## [DIRECTIONS FOR THIS TASK]
Pictures stay out; please output the remaining data exactly.

## [SUPPLIED DATA]

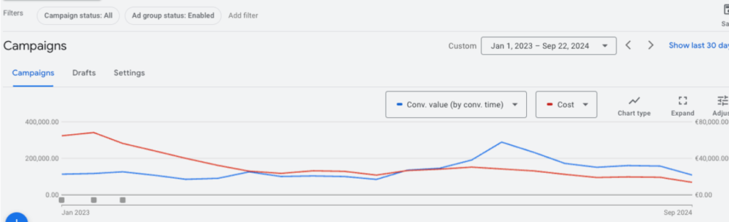The previous conversion tracking was flawed. I completely rebuilt the tracking system to accurately measure the performance of each campaign and make data-based decisions. Enhanced Conversions and most recently Consent Mode were installed. - Discontinuation of cold YouTube campaigns
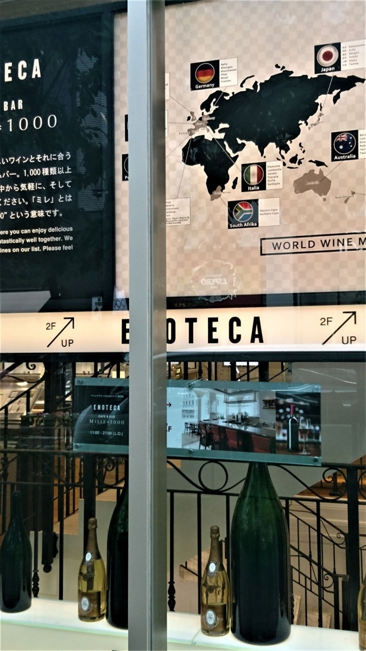 エノテカは全国チェーンの高級ワインショップである。この店は銀座みゆき通りの銀座6丁目の角にある1階がジュエリーショップの2階にある。めずらしいイートインを併設したショップ。ワイン好きの方へのギフトを選ぶには最適。
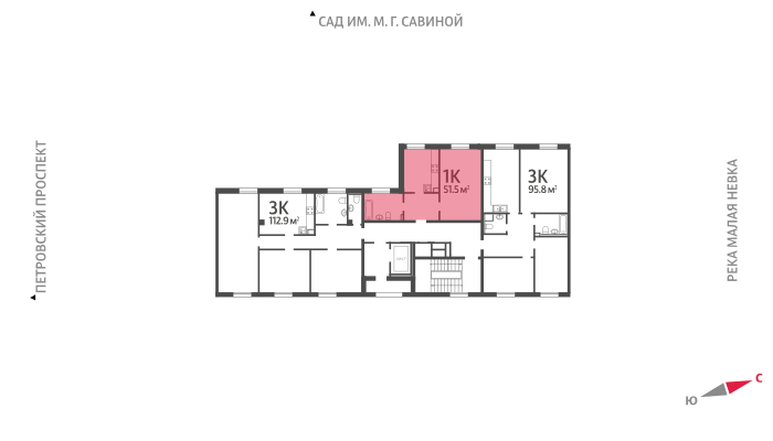 1-комнатная квартира, 51.4 м2, этаж 2 / 9, на продажу в Санкт-Петербурге, Петровский проспект, 9
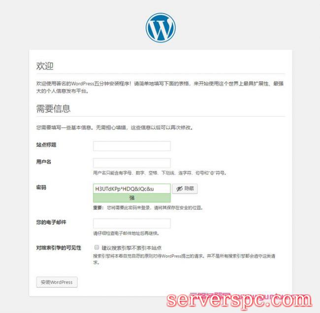 D . 打开浏览器,输入域名,即可弹出安装界面。填上相关网站信息,点击“安装wordpress”按钮即可完成。
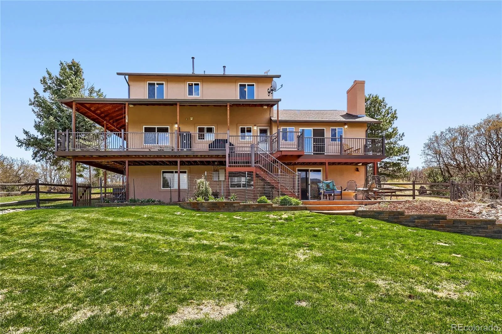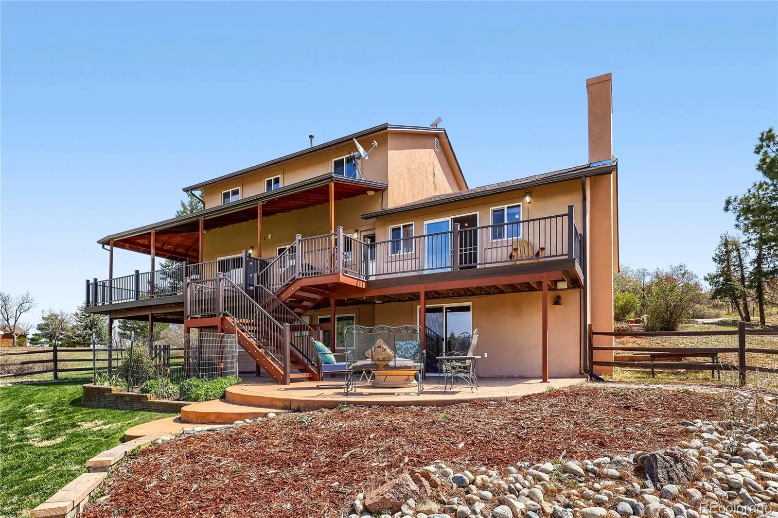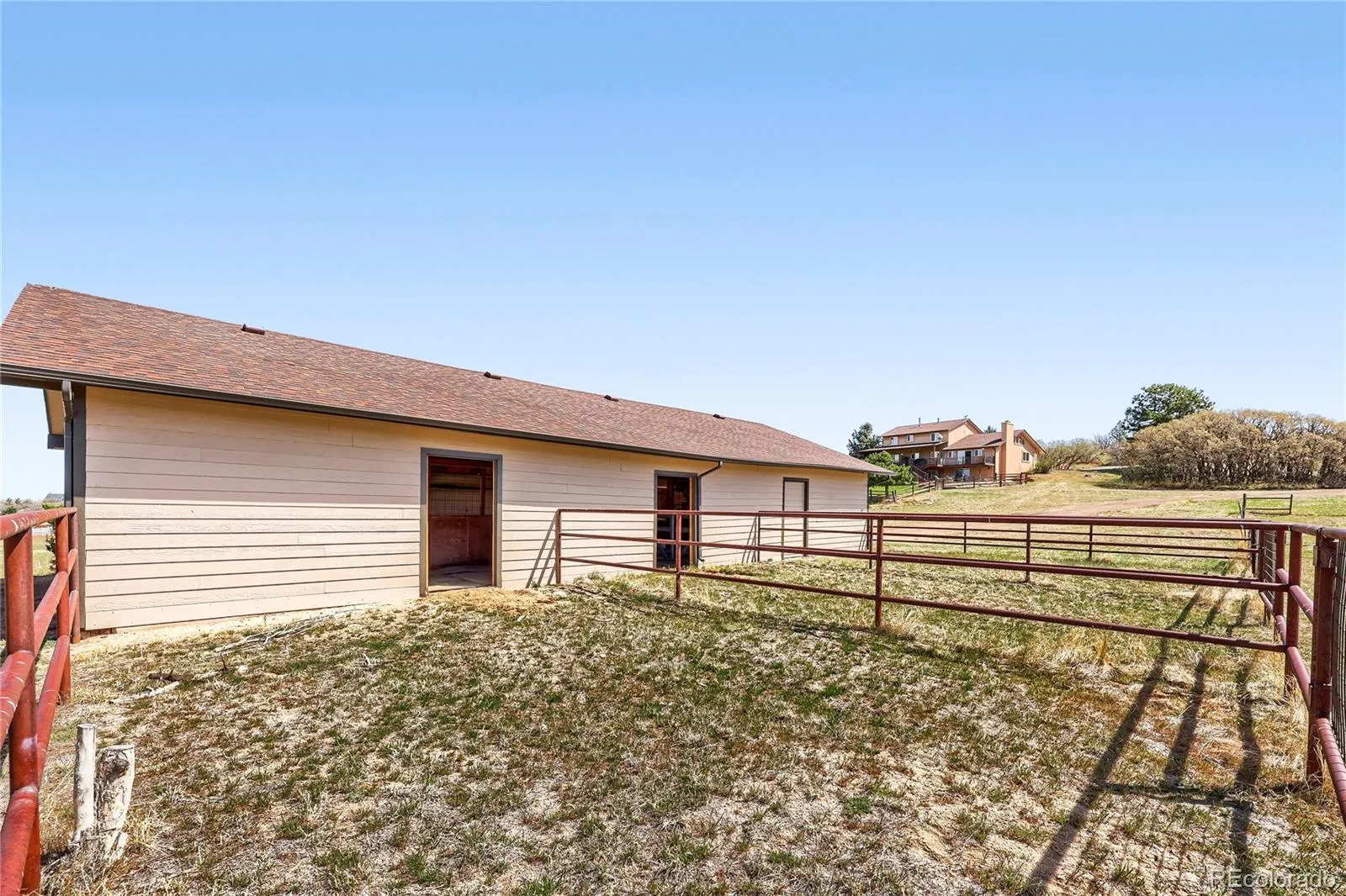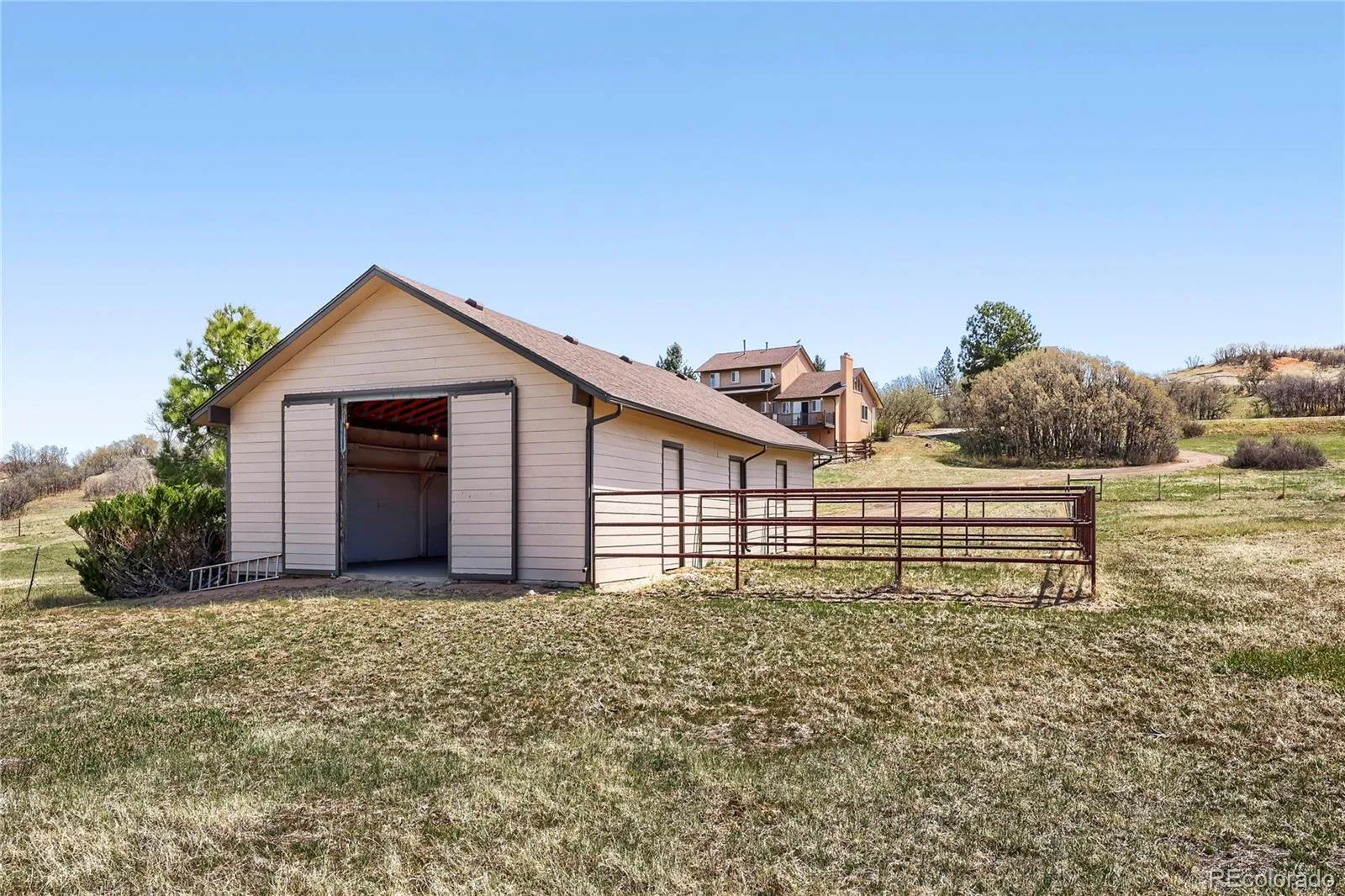 Experience elevated Colorado living with unmatched mountain views in this stunning home on 5.25 acres of pristine, fenced horse property. Perfectly balancing peaceful country living with convenience, this property is just 15 minutes from Castle Rock and within easy reach of both Denver and Colorado Springs. Designed for both lifestyle and functionality, this property is a true haven for equestrian enthusiasts. The impressive 2,000 sq. ft. pole barn features concrete floors, rubber matting, pipe-fenced runs, custom gates, hay storage, and upgraded 220-amp power. Residents also enjoy access to a vibrant community with a clubhouse, arena, playground, and miles of riding and hiking trails. Inside, the home showcases warmth and craftsmanship with solid custom wood doors and rich hardwood floors throughout. The gourmet kitchen features custom maple cabinetry, granite countertops, a gas range, and a high-end wall oven, perfect for everyday living and entertaining. The expansive family room offers vaulted ceilings and a cozy fireplace, flowing seamlessly into a walk-out basement ideal for guests or recreation. Flexible living spaces, including two home offices, provide versatility for today’s lifestyle. The oversized primary suite serves as a private retreat with a luxurious five-piece bath and a custom walk-in closet. Step outside to enjoy Colorado’s beauty from the wraparound covered Trex deck with custom wrought iron railings and a gas fire pit, perfect for year-round relaxation. The landscaped yard and decorative concrete patio create an ideal setting for entertaining while taking in breathtaking mountain vistas. Additional features include natural gas, underground utilities, a whole-house water filtration system, sprinkler system, and a community well. This is more than a home—it’s a lifestyle. Don’t miss this rare opportunity to own in a sought-after equestrian community. Clubhouse, community arena and playground located at 7149 Cherokee Dr, Sedalia, CO 80135
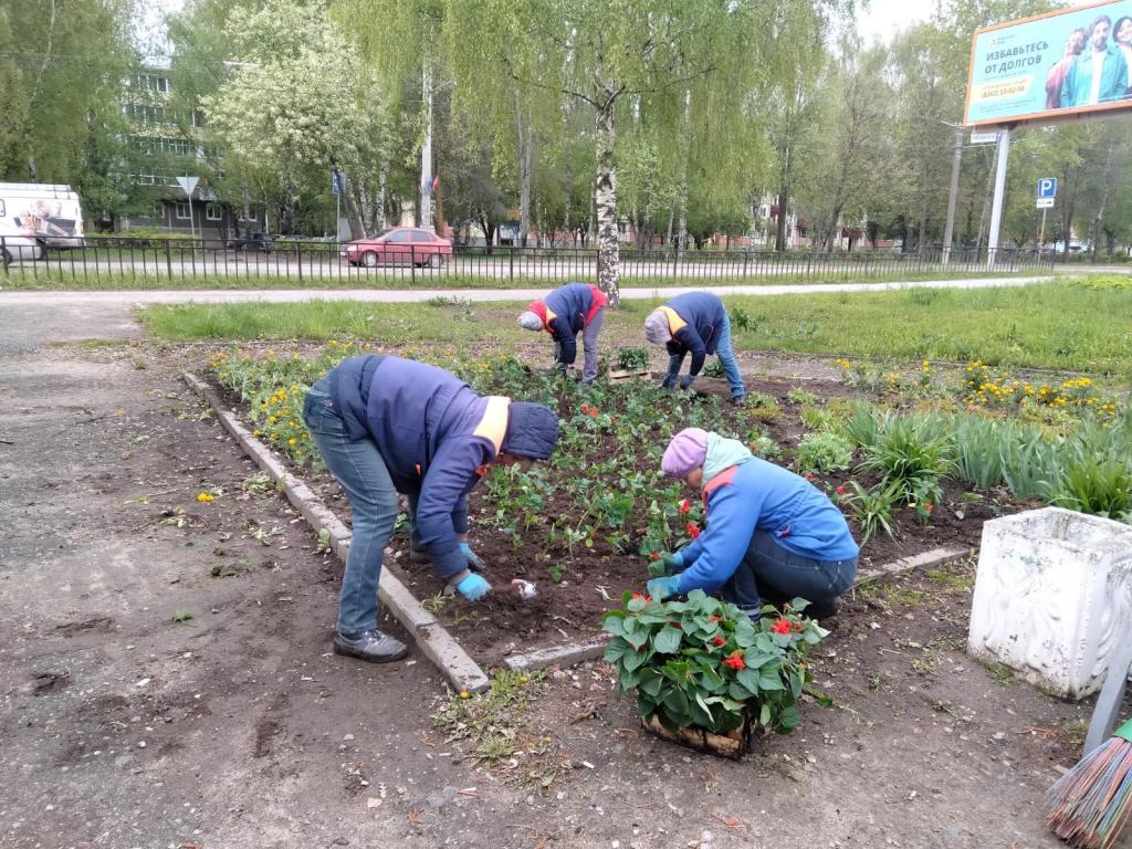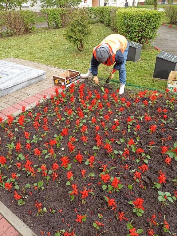 Сегодня цветы высаживают в скверах Интеграла и Машиностроителей, где территорию украсила ярко-красная сальвия.

## [ANSWER AREA]
The previous conversion tracking was flawed. I completely rebuilt the tracking system to accurately measure the performance of each campaign and make data-based decisions. Enhanced Conversions and most recently Consent Mode were installed. - Discontinuation of cold YouTube campaigns
 エノテカは全国チェーンの高級ワインショップである。この店は銀座みゆき通りの銀座6丁目の角にある1階がジュエリーショップの2階にある。めずらしいイートインを併設したショップ。ワイン好きの方へのギフトを選ぶには最適。
 1-комнатная квартира, 51.4 м2, этаж 2 / 9, на продажу в Санкт-Петербурге, Петровский проспект, 9
 D . 打开浏览器,输入域名,即可弹出安装界面。填上相关网站信息,点击“安装wordpress”按钮即可完成。
 Experience elevated Colorado living with unmatched mountain views in this stunning home on 5.25 acres of pristine, fenced horse property. Perfectly balancing peaceful country living with convenience, this property is just 15 minutes from Castle Rock and within easy reach of both Denver and Colorado Springs. Designed for both lifestyle and functionality, this property is a true haven for equestrian enthusiasts. The impressive 2,000 sq. ft. pole barn features concrete floors, rubber matting, pipe-fenced runs, custom gates, hay storage, and upgraded 220-amp power. Residents also enjoy access to a vibrant community with a clubhouse, arena, playground, and miles of riding and hiking trails. Inside, the home showcases warmth and craftsmanship with solid custom wood doors and rich hardwood floors throughout. The gourmet kitchen features custom maple cabinetry, granite countertops, a gas range, and a high-end wall oven, perfect for everyday living and entertaining. The expansive family room offers vaulted ceilings and a cozy fireplace, flowing seamlessly into a walk-out basement ideal for guests or recreation. Flexible living spaces, including two home offices, provide versatility for today’s lifestyle. The oversized primary suite serves as a private retreat with a luxurious five-piece bath and a custom walk-in closet. Step outside to enjoy Colorado’s beauty from the wraparound covered Trex deck with custom wrought iron railings and a gas fire pit, perfect for year-round relaxation. The landscaped yard and decorative concrete patio create an ideal setting for entertaining while taking in breathtaking mountain vistas. Additional features include natural gas, underground utilities, a whole-house water filtration system, sprinkler system, and a community well. This is more than a home—it’s a lifestyle. Don’t miss this rare opportunity to own in a sought-after equestrian community. Clubhouse, community arena and playground located at 7149 Cherokee Dr, Sedalia, CO 80135
 Сегодня цветы высаживают в скверах Интеграла и Машиностроителей, где территорию украсила ярко-красная сальвия.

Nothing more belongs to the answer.